Multithreaded programming isn't a new idea, but it's currently experiencing a major upswing in attention. That's because many multi-core chip vendors are currently pushing multithreading as the best way to harness their chips' processing horsepower.
But a recent influential paper by Dr. Edward Lee argues that multi-threaded application programming, as commonly practiced, is a flawed methodology that invites a range of nasty, hard-to-identify bugs.
Dr. Lee is a professor of EECS at UC Berkeley and a founder of BDTI. In his paper, "The Problem with Threads", he asserts that multithreaded applications are often wildly non-deterministic and largely unintelligible to their own programmers. That's because in a multithreaded system, the program execution sequence (and processor state) can be switched at any time, thus making it difficult—if not impossible—for the programmer to determine whether every possible sequence will work correctly. As a result, even simple-looking programs may be riddled with potential deadlocks and other hazards.
According to Dr. Lee, thread-based programming has worked reasonably well so far because it has been applied in fairly limited ways, and has typically been used on single-core processors, which offer limited parallelism.
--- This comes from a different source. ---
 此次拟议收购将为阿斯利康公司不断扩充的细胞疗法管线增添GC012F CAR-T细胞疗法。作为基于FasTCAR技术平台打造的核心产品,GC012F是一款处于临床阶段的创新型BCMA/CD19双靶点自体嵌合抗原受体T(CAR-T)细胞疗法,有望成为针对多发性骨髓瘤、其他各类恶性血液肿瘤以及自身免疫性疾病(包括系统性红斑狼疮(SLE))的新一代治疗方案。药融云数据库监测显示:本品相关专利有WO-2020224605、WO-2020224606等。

But, he argues, as engineers start implementing more aggressive multithreading on highly parallel processors, they can expect severe bugs to show up with alarming frequency.
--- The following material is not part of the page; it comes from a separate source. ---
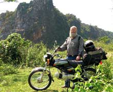 Liking Viet Nam he went back there in 2005 after spending 36 years up and down the US West coast building bridges and docks, and tugboats and cranes for a company. in order to make a trip through the country on a motorcycle, with a plan to photograph all the boats and write a book about the trip. He has worn out a couple of motorbikes as some of the roads on the Lau side are horrendously bad dirt and gravel, many with water crossings with no bridges, or over very scary bridges.

Dr. Lee acknowledges that there are techniques to help mitigate the problem and allow the programmer to reduce the inherent non-determinism in some multithreaded applications—but he asserts that these techniques are insufficient, and that the approach is fundamentally backwards. His solution? Develop new programming approaches and languages that startwith deterministic behavior and only introduce non-determinism where absolutely necessary. This would not be a quick fix.
Not surprisingly, Dr. Lee's paper has attracted considerable attention in the software engineering world. His point is no less relevant for DSP engineers; in fact, it may be even more important in this realm, since DSP engineers often work on mission-critical systems, and deal with hard real-time constraints that demand a high level of determinism. As DSP system designers increasingly adopt multi-core technologies they will need a robust software development methodology—and I'm starting to wonder whether multithreading is the right approach.